Policies.CPUCB module

The Clopper-Pearson UCB policy for bounded bandits. Reference: [Garivier & Cappé, COLT 2011](https://arxiv.org/pdf/1102.2490.pdf).

Policies.CPUCB.binofit_scalar(x, n, alpha=0.05)[source]

Parameter estimates and confidence intervals for binomial data.

For example:

>>> np.random.seed(1234)  # reproducible results
>>> true_p = 0.6
>>> N = 100
>>> x = np.random.binomial(N, true_p)
>>> (phat, pci) = binofit_scalar(x, N)
>>> phat
0.61
>>> pci  # 0.6 of course lies in the 95% confidence interval  
(0.507..., 0.705...)
>>> (phat, pci) = binofit_scalar(x, N, 0.01)
>>> pci  # 0.6 is also in the 99% confidence interval, but it is larger  
(0.476..., 0.732...)

Like binofit_scalar in MATLAB, see https://fr.mathworks.com/help/stats/binofit_scalar.html.
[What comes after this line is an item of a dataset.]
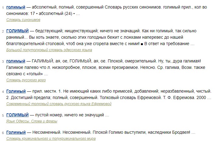 Слово «голимый» (написание через «о») удалось найти в словаре русского арго, а «гАлимый» — в словаре современной лексики, жаргона и сленга. Единственного правильного написания нет, потому что слово не зафиксировано ни в одном из значимых словарей современного русского языка. Нет его в орфографических и толковых справочниках, встречается только в словарях сленга. Удивительно, что и значения бывают разными в зависимости от контекста. Лексема «галимый» может означать не только что-то «низкосортное» (галимая попса), также на сленговом языке называют один из видов «травки», а в Одессе так говорят про нищенствующих. Загадки этимологии слова «галимый» Некоторые филологи считают, что слово образовано от прилагательного «голый», бессодержательный, бессмысленный. Например, «голимая чушь». Другие исследователи предполагают, что процесс языковой трансформации начался от слова «галиматья» (зн. — вздор). Мне кажется, что этот вариант более объясним. Слово «галиматья» было довольно популярно в начале 2000-х, но так как язык тяготеет к упрощению, появляются такие сокращения «круто» — «круть», «саудчек» — «чек», «чекаться» и т.д. Вполне возможно, что принципом упрощения от слова «галиматья» могло быть образованно жаргонное «галимый».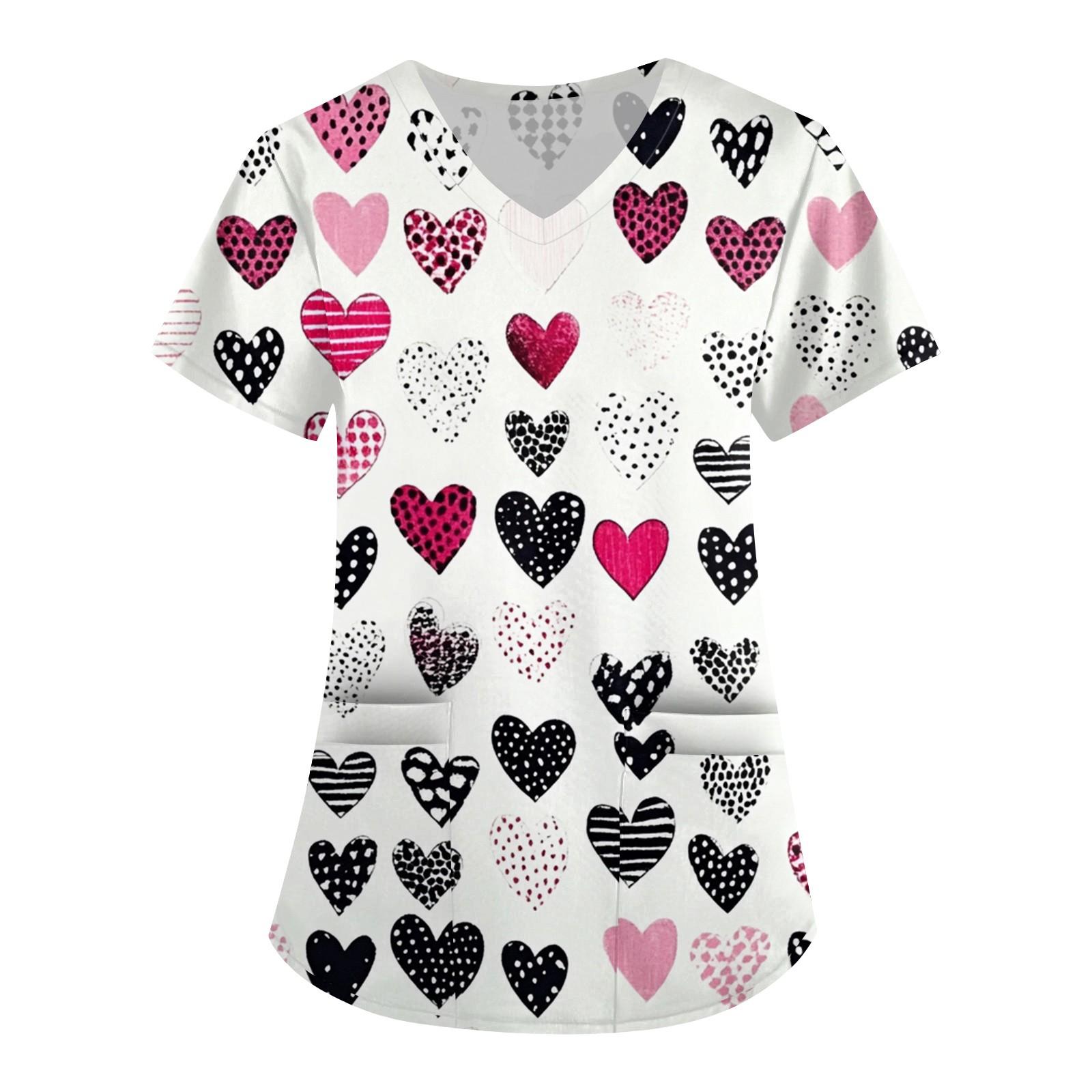 Женский модный повседневный топ с V-образным вырезом на День святого Валентина с принтом XL белый

  • (phat, pci) = binofit_scalar(x, n) returns a maximum likelihood estimate of the probability of success in a given binomial trial based on the number of successes, x, observed in n independent trials.

  • (phat, pci) = binofit_scalar(x, n) returns the probability estimate, phat, and the 95% confidence intervals, pci, by using the Clopper-Pearson method to calculate confidence intervals.

  • (phat, pci) = binofit_scalar(x, n, alpha) returns the 100(1 - alpha)% confidence intervals. For example, alpha = 0.01 yields 99% confidence intervals.

For the Clopper-Pearson UCB algorithms:

  • x is the cum rewards of some arm k, \(x = X_k(t)\),

  • n is the number of samples of that arm k, \(n = N_k(t)\),

  • and alpha is a small positive number, \(\alpha = \frac{1}{t^c}\) in this algorithm (for \(c > 1, \simeq 1\), for instance c = 1.01).

Returns: (phat, pci)

  • phat: is the estimate of p

  • pci: is the confidence interval

Note

My reference implementation was https://github.com/sjara/extracellpy/blob/master/extrastats.py#L35, but http://statsmodels.sourceforge.net/devel/generated/statsmodels.stats.proportion.proportion_confint.html can also be used (it implies an extra requirement for the project).

Policies.CPUCB.binofit(xArray, nArray, alpha=0.05)[source]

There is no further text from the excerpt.